陰謀論はなぜ面白い?
麻雀といえば、昭和の時代は「流れ」や「ツキ」など、オカルトの世界に支配されていた。対局結果によって、「流れが悪いのに勝負するから負けたんだ」とか「ツイてる時に立直して攻めないからダメなんだ」などと非科学的な根拠を理由に批判され、特に若手プロたちはずいぶん苦労していた。
オカルト全盛の時代は権力と実績で勝る年長者が黒といえば白いものも黒になる世界だった。それがインターネット中継など放送対局の普及によって、視聴者が全員の手牌を見られるようになり、流れとかではなく、牌がそこに積まれていただけということに皆が気がついた。そして、次第に麻雀も確率や統計での科学的なアプローチが主流になっていったという歴史がある。

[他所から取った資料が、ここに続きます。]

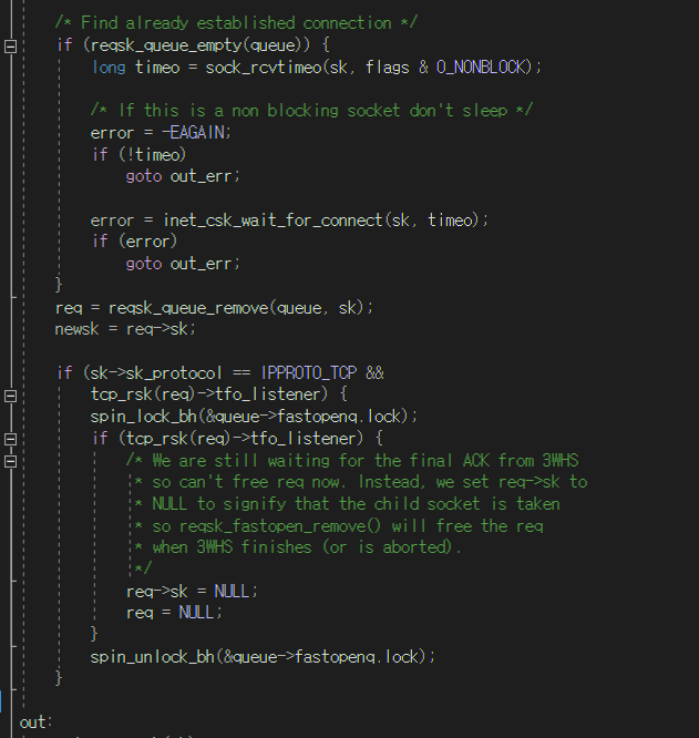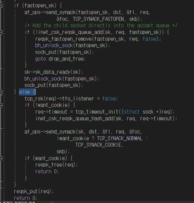 - 다만 tfo 설정이면 null 값으로 만들어 살려주고 reqsk_fastopen_remove가 지우는 것 같다.

なのに案外と麻雀プロってこういうオカルト話がいまだに好きなんだなと思うと、面白い。
私はオカルト的なものにほとんど興味がない人間なんだけど、それがコンテンツとしては意外と面白いことを最近になって学んだ。
「ナオキマンの都市伝説ワイドショー」というバラエティ番組をABEMAで制作したからだ。過去に何度も、心霊現象、都市伝説、陰謀論といった類のものをテーマにした企画が会議で上がってきていたけど、いつも却下していた。なぜなら、作り話はドラマでやれば十分だと思っていたから。でも、今回は当選直後にトランプ大統領の自宅に招かれた、いま話題のナオキマンさんが出演してくれるということで、一度やってみることにしたのだ。

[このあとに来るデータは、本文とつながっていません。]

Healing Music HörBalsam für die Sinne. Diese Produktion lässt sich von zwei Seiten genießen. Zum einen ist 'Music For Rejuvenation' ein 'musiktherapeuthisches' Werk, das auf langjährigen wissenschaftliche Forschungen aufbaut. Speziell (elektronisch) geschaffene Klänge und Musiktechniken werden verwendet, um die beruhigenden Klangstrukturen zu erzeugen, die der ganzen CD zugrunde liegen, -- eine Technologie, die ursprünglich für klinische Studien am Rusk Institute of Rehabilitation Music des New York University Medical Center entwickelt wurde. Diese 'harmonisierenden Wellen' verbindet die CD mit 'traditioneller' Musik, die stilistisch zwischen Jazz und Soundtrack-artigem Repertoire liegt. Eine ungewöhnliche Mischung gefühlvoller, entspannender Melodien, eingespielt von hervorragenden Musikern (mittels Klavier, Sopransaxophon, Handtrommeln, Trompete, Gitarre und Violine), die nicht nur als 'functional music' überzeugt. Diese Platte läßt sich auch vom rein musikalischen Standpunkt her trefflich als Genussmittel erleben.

中身はそんなに期待してなかったのに、オンエアされたものを観て、私はずっとゲラゲラ笑っていた。純粋に面白かったのだ。ナオキマンさんのファンの一流芸能人のゲストとコメンテーターが入り交じり、互いに真顔で「こんな話を聞きました……」と都市伝説や陰謀論を語り合い、「えー! 怖い!」とか怯えたりして盛り上がる。

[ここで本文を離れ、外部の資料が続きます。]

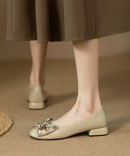 French Beige Splicing Chunky Heel Loafers For Women QK050

そして最後に「真実か否か、判断するのはアナタです」と語りかけてくる。世界各国の国家権力の陰謀から、誰もが身近に感じる人間の話まで、(まさかね)とは思いながらも、適当な作り話のようで、絶対あり得ないとは言い切れない話は意外とスリルがあった。
また、誰かと「こんな話があるの、知ってる?」と話して一緒に盛り上がりたくなる気持ちも、分からなくもなかった。